Frodo sighed and closed his eyes. Merry turned away so, hopefully, neither Frodo or Pippin would see he was laughing.

“Get up Pippin,” Frodo said softly.

“I’ll clean it all . . .”

“No,” Frodo cut the lad off in mid offer. “No, Pip, that is quite all right. Merry and I will clean it up. You may go into the parlor and sit on the sofa and do nothing until we are done. I don’t know that I could handle anything else happening tonight.”

A pair of weary blue eyes opened and gazed down at the tweenager on the floor.

“Do you think you can manage to sit on the sofa and not hurt yourself nor break anything?”

“Yes, Frodo,” came the contrite answer.

“Then go.”

Pippin went and it was there, on the sofa in the parlor, that his cousins later found him.

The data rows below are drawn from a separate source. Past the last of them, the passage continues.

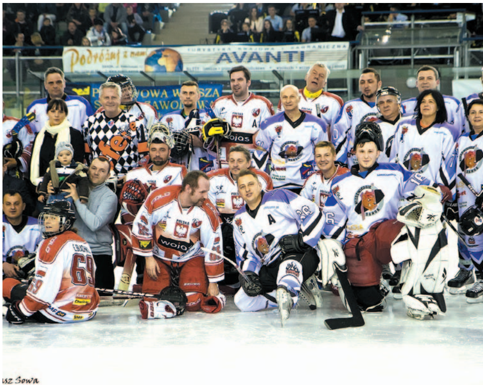
Artyści, Niedźwiadzi i VIP-y – wielka hokejowa rodzina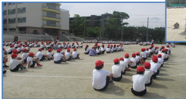
【5・6年合同の綱引きの練習】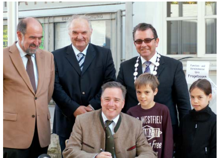
Der Staatssekretär Markus Sackmann zusammen mit seinen beiden Kindern beim Eintrag in das Goldene Buch der Gemeinde Deining.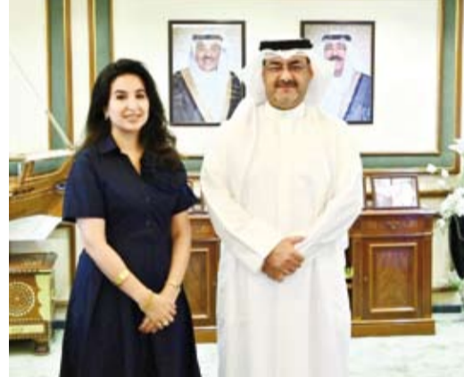
محافظ العاصمة مستقبلاً الشقيقة ببينبي الصباح

نفوس الأجيال القادمة. وقد أشاد المحافظ بالجهود التي تبذلها الجمعية نحو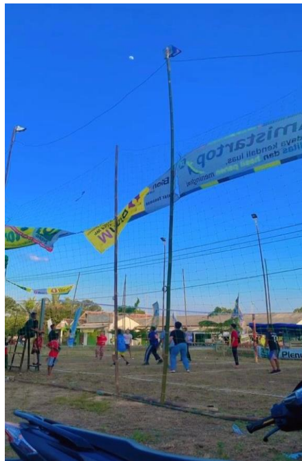
Latihan voli bersama warga dan Pemdes.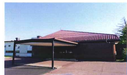
ホットパック充填ライン (Bライン)・事務所外観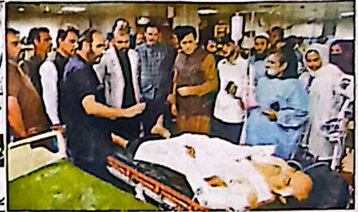
وزیر اعلیٰ بلوچستان سرسبز اور کئی ٹرانا سنٹر ہسپتال کوئٹہ میں محکمہ صحت کے کام کو ہم دھاک میں زخمی ہونیوالے مریض کو بہترین طبی سہولیات فراہم کرنے کی ہدایت دے رہے ہیں

Frodo wondered, as he was drifting off to sleep, if he should say something to Pip when they all finally woke up later in the day about his inability to do as he was told. After all, he’d been told to sit on the sofa, not lie down and fall asleep. Frodo was chuckling in his mind as sleep over took him.

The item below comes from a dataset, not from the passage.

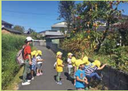
『カニマンは登れないね…』

四季に合わせた絵本の読み聞かせをすると、散歩に出かけた時、途中で見つけた柿の木の前で『さるかに合戦』を思い出して立ち止まったり、近年見ることが少なくなった稲刈りシーズンの“稲木”の風景を見て、「3匹のこぶたのワラのお家みたい!」と子ども達の声が。また、クリスマス会の劇に向けて絵本を読み聞かせた後日に、散歩で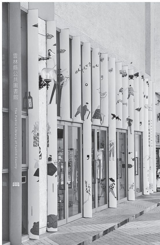
圖 3 入口區域

Merry happily laid down in his nice quiet bed.

But when Frodo awoke and went into the parlor a few hours later it was clear the fire had been built up again at some point in time before once more dying down. Merry was wrapped in several blankets and asleep on the floor by the sofa on which Pippin still soundly slept. Frodo smiled and laughed softly to himself as he stoked the fire. He got another knitted blanket from the stand beside the fireplace and wrapped it about himself before sitting in the wing backed chair, putting his feet up on the foot stool and joining his cousins in blissful slumber.